Mitch had a little coke, and it was almost painful to watch him shake it out carefully onto a book about TM, staring at his own hands with a queer distance, like they didn’t belong to him. He cut three lines, then peered at them. He fussed around until one was markedly bigger and snorted it quickly, breathing hard.

“Ahh,” he said, leaning back, his throat raw and pricked with golden stubble.
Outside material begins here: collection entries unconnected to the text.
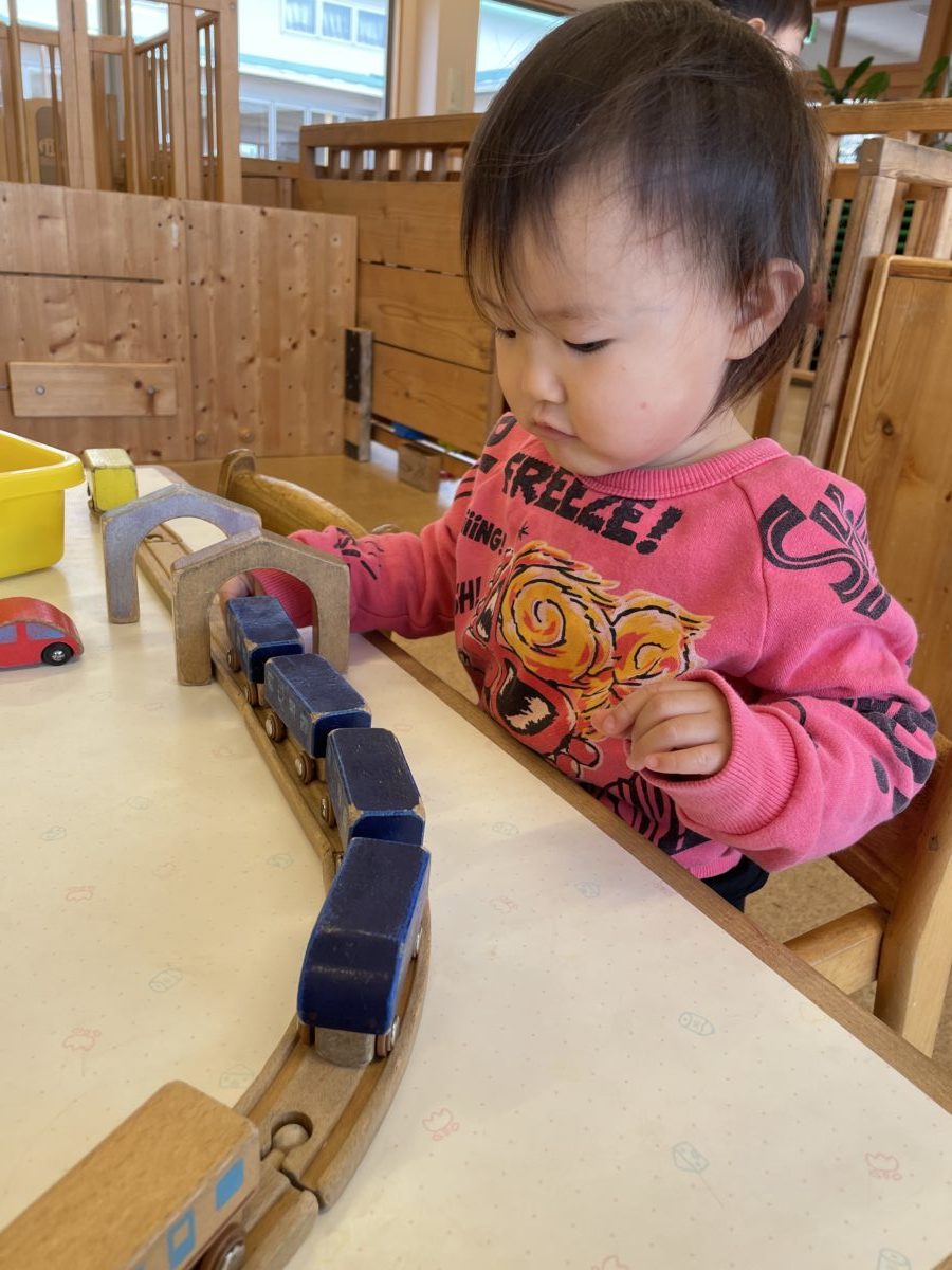一方で、戸外では芝生のある園庭へ遊びに行くと、1番に駆け寄っていくのは「グルグル回るフラワーカップ」。「今日は濡れてない!」「やったー!」と嬉しそうに座わり、フラワーカップはグルグル回り出しました。「きゃー!」「わー!」と楽しそうな子どもたちの声に、大きい組のお姉さんたちも「なになに?」と興味津々でした。「バス歌う!」「これやろ!」とお友だちの提案で、「バスにのって」を歌うことになり、「出発進行!」の掛け声とともに「バスに乗って揺られてる!ごー!ごー!」と歌いだし、右や左へ倒れたり、でこぼこ道では足をバタバタさせて遊ぶ姿がありました。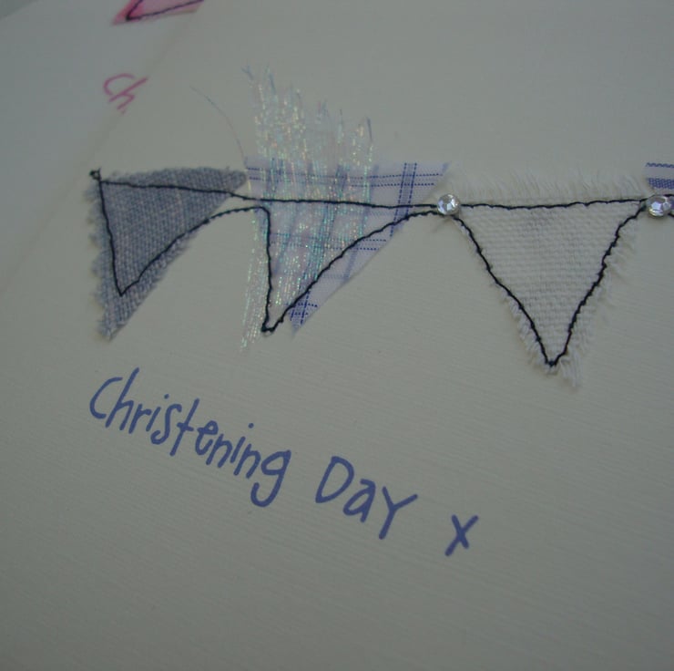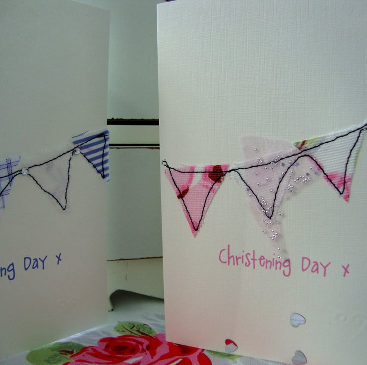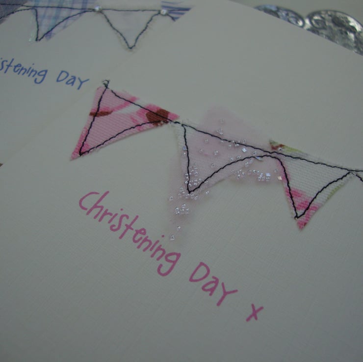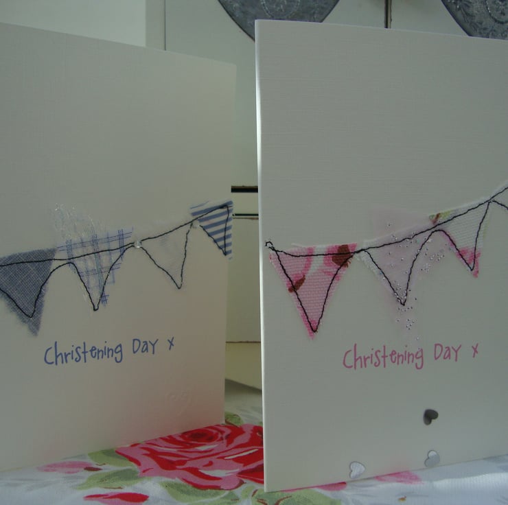 these baby bunting christening cards are available in either blue or pink and are made from fabric machined onto card with a touch of sparkle and sprinkles of love they are just perfect for babys special day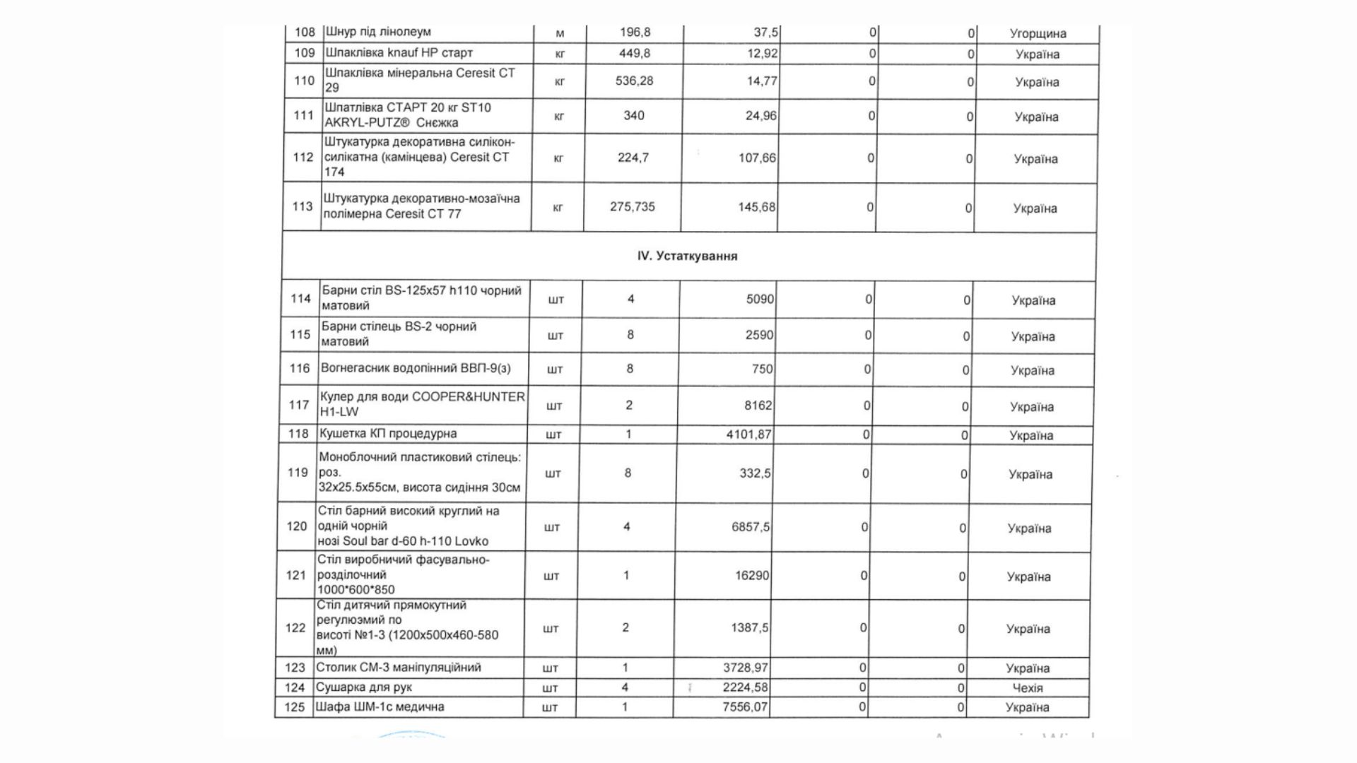 Незначна кількість від суми піде на меблі та технічне оснащення, такі як барні столи й стільці, кушетки, дитячі столи, маніпуляційні столи, кулер для води, сушарка для рук та вогнегасники.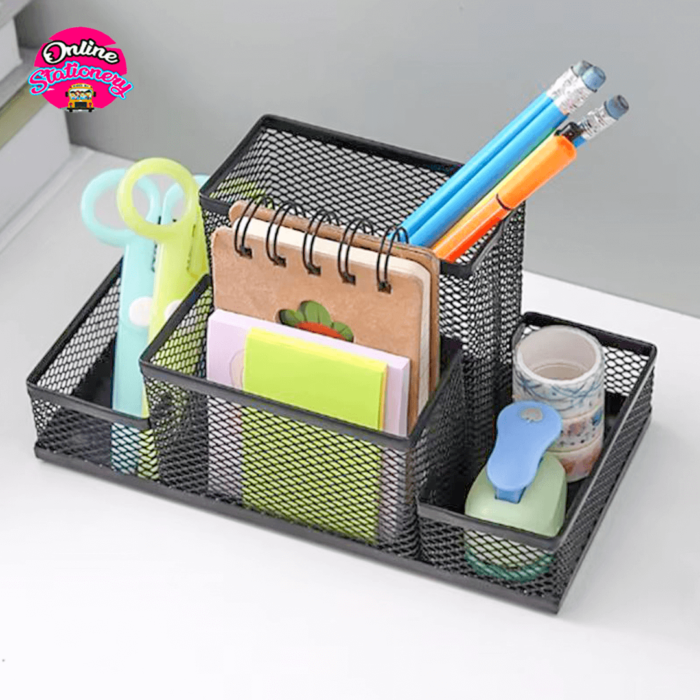 MESH METAL: Made of sturdy metal for longer lasting stationery storage. The mesh design allows you to see what’s in each compartment so you can grab what you need at once.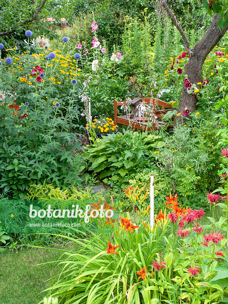 486250 - Globe thistles (Echinops), day lilies (Hemerocallis), hollyhocks (Alcea) and bee balms (Monarda)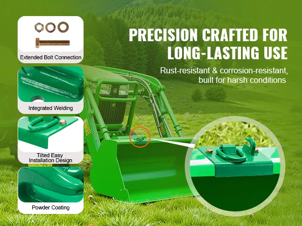 Versatile Applications: The bolt on grab hook is widely applicable in heavy-duty operations across agriculture, industry, and construction. It is idea for lifting and moving heavy objects on farms and outdoor yards, as well as for transporting building materials at construction sites. This versatility makes it an excellent attachment for tractor buckets, enhancing productivity in various tasks.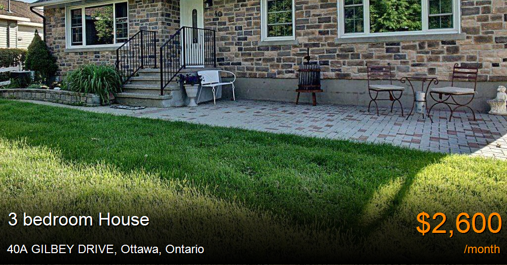 House for rent in Ottawa at 40A GILBEY DRIVE. Spacious Detached Bungalow in Desirable Parkwood Hills: This charming bungalow offers timeless mid-century charm and multi-generational living. The main floor boasts a formal living room, dining room, and a rustic family room with a stone fireplace. The eat-in kitchen offers access to the backyard on a Large Lot, Offering 3 Bedrooms, 1 Bathroom, and an Updated Kitchen with Newer Appliances. Lots of storage. It is a beautiful property inside out. Parking for six cars! Fisher Heights area is convenient for commuting to DT Ottawa, within walking distance of shopping malls, restaurants, schools, daycare, and fitness centers. Excellent neighbours.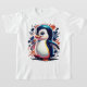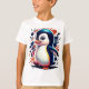 Ein spielerisches T - Shirt-Design, das eine bezaubernde Pinguin-Illustration mit skurrilen Details zeigt, gepaart mit charmanter, katzenthematischer Typografie zur Feier der felinen Zuneigung.

He held out the book to Suzanne, who danced over, sniffing up a line, and I did the last one.

The coke made me want to dance, so I did. Suzanne grabbing my hands, smiling at me. It was a strange moment: we were dancing for Mitch, but I was eaten up by her eyes, how she urged me on. She watched me move with pleasure.

Mitch was trying to talk, telling us some story about his girlfriend. How lonesome he’d been since she’d left for Marrakesh, on some tear about needing more space.

“Baloney,” he kept saying. “Ah, baloney.”

We were indulging him: I took my lead from Suzanne, who nodded when he spoke but rolled her eyes at me or loudly urged him to tell us more. He was talking about Linda that night, though her name meant nothing to me. I was barely listening: I’d picked up a small wooden box rattling with tiny silver balls and tipped it, trying to get the balls to drop into holes painted to look like the mouths of dragons.

Linda would be his ex-girlfriend by the time of the murders, only twenty-six, though that age seemed vague to me then, like a knock on a faraway door. Her son, Christopher, was five years old but had already been to ten countries, bundled along on his mother’s travels like the pouch of her scarab jewelry. The ostrich-skin cowboy boots she stuffed with rolled-up magazines so they’d keep their shape. Linda was beautiful, though I’m sure her face would’ve grown bawdy or cheap. She slept in bed with her golden-haired little boy, like a teddy bear.